The trigger of events that led to the toppling of Atlanta Hawks owner Bruce Levenson began with general manager Danny Ferry referring to free agent Luol Deng as having "some African in him" on an organizational conference call, league sources with direct knowledge of the probe told Yahoo Sports.

"He's still a young guy overall," Ferry said, league sources with direct knowledge of the probe told Yahoo. “He's a good guy overall. But he's not perfect. He's got some African in him. And I don't say that in a bad way."

Luol Deng, considered one of the highest character players in the NBA, was born in the Sudan.
Luol Deng, considered one of the highest character players in the NBA, was born in the Sudan.

Deng, considered one of the highest-character players in the NBA, was born in the Sudan.

The call with the ownership group had been set up to inform them of free-agent options on the market in July.

Ferry met with the Hawks coaches and players on Sunday and disclosed those comments with an apology, sources told Yahoo Sports.
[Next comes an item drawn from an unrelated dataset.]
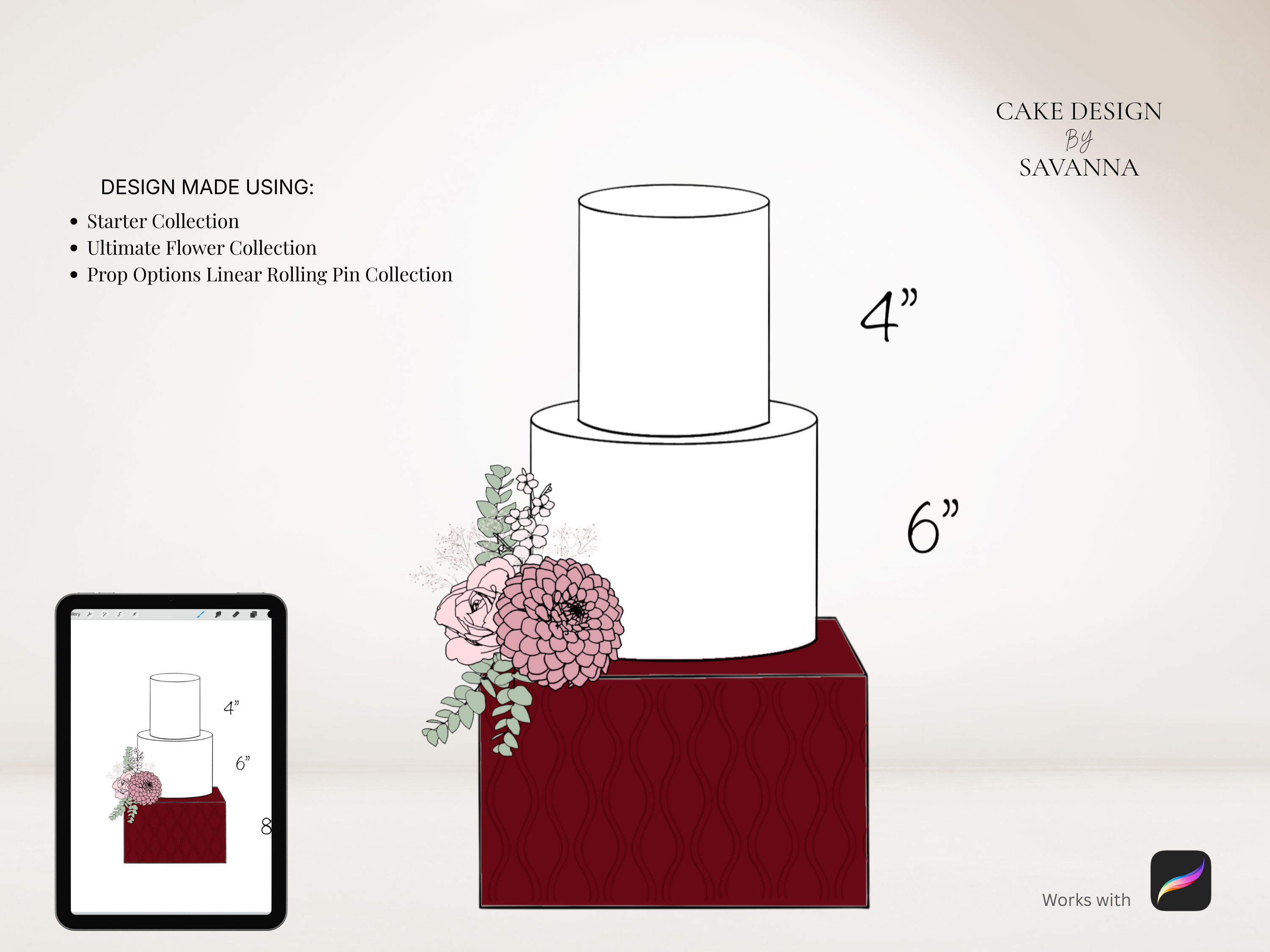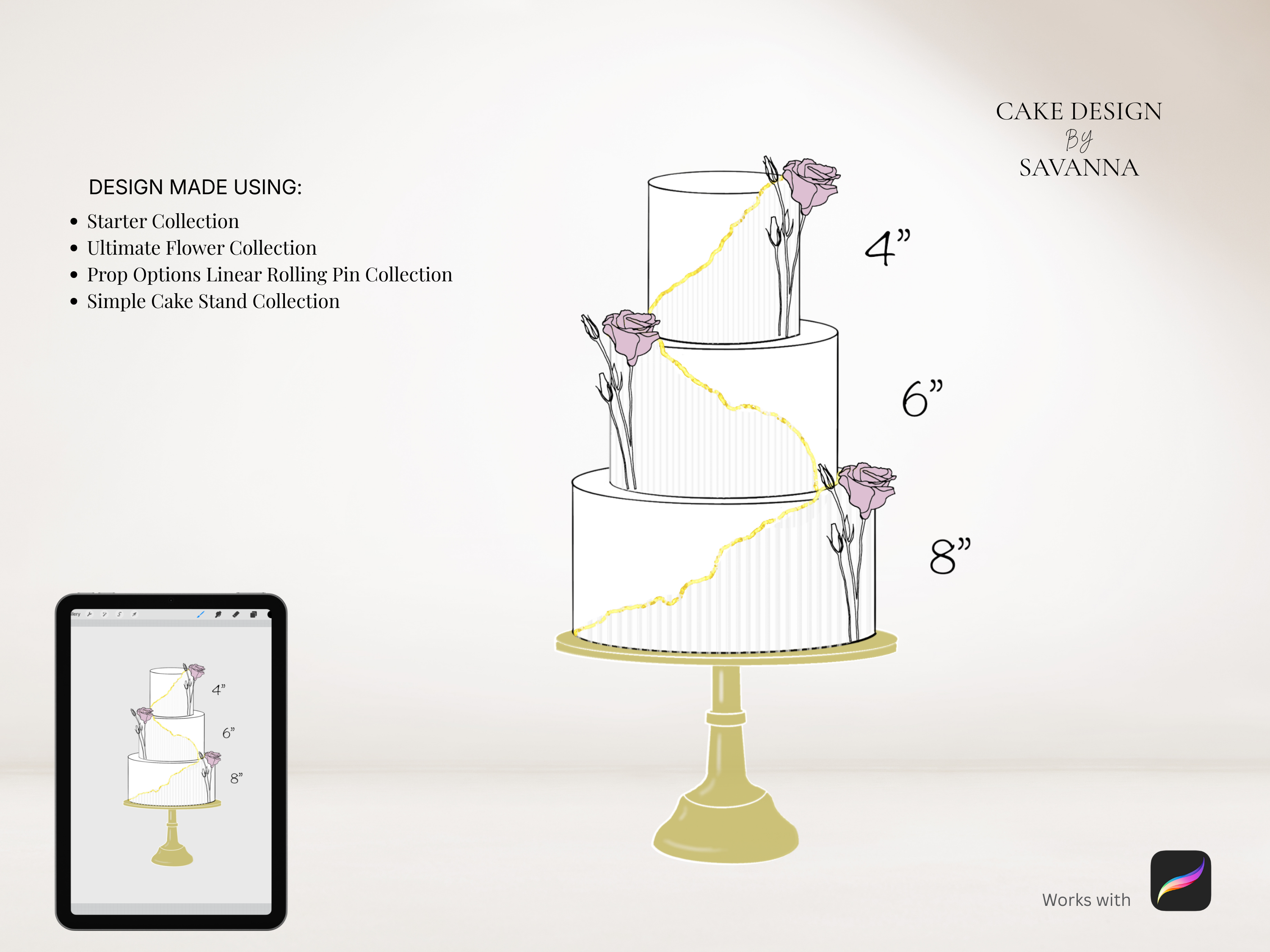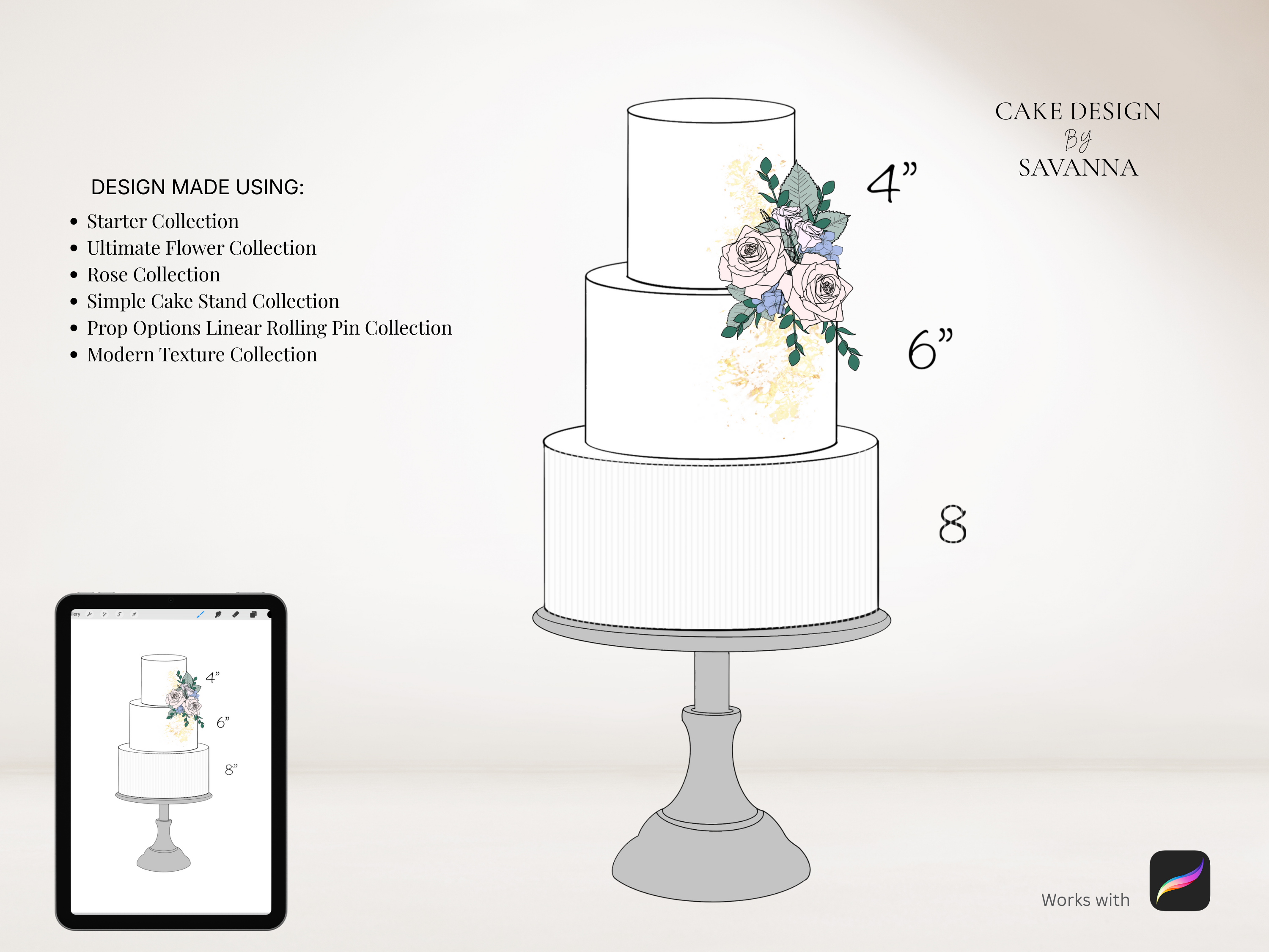 The perfect way to sketch your cake designs. Use these stamps with the Procreate App (available on iPhone and iPad) to design beautiful cakes for your customers.

Ferry reached out to Deng and Deng's agent, Ron Shade, on Monday, Shade told Yahoo Sports. Ferry hadn't yet spoken to Deng, but he did talk to Shade, a Chicago-based agent. "I have no reaction, but we've spoken," Shade told Yahoo.

Ferry was on the phone with seven Hawks owners and was reading off a report in which the information, Ferry said, had been gathered through a network of scouts, officials, players, coaches and others around basketball.

Hawks CEO Steve Koonin told the Atlanta Journal-Constitution that Ferry had received an undisclosed punishment, but would remain as GM.

The disparaging racial reference to Deng triggered at least one team owner on the call to pursue an independent investigation into how the organization operated in regard to race. The search uncovered the 2012 email that Levenson sent to Ferry and two minority owners that ultimately led to Levenson's decision, under pressure, to sell his stake in the Hawks.

NBA commissioner Adam Silver met with a senior committee of owners late last week in New York, and league investigators outlined the findings on the probe in Atlanta, sources told Yahoo Sports. The NBA and Hawks officials helped convince Levenson to sell his majority share of the Hawks.

Ferry and Deng both played basketball at Duke University. Deng signed a free-agent deal with the Miami Heat this offseason. Atlanta did discuss a deal with him, but hadn't come close to meeting his contractual demands.

Atlanta hired Ferry as its general manager in 2012. He had served as an assistant GM twice in San Antonio, and was the GM of the Cleveland Cavaliers for five years. There had never previously been a suggestion that he had been insensitive or intolerant on issues of race.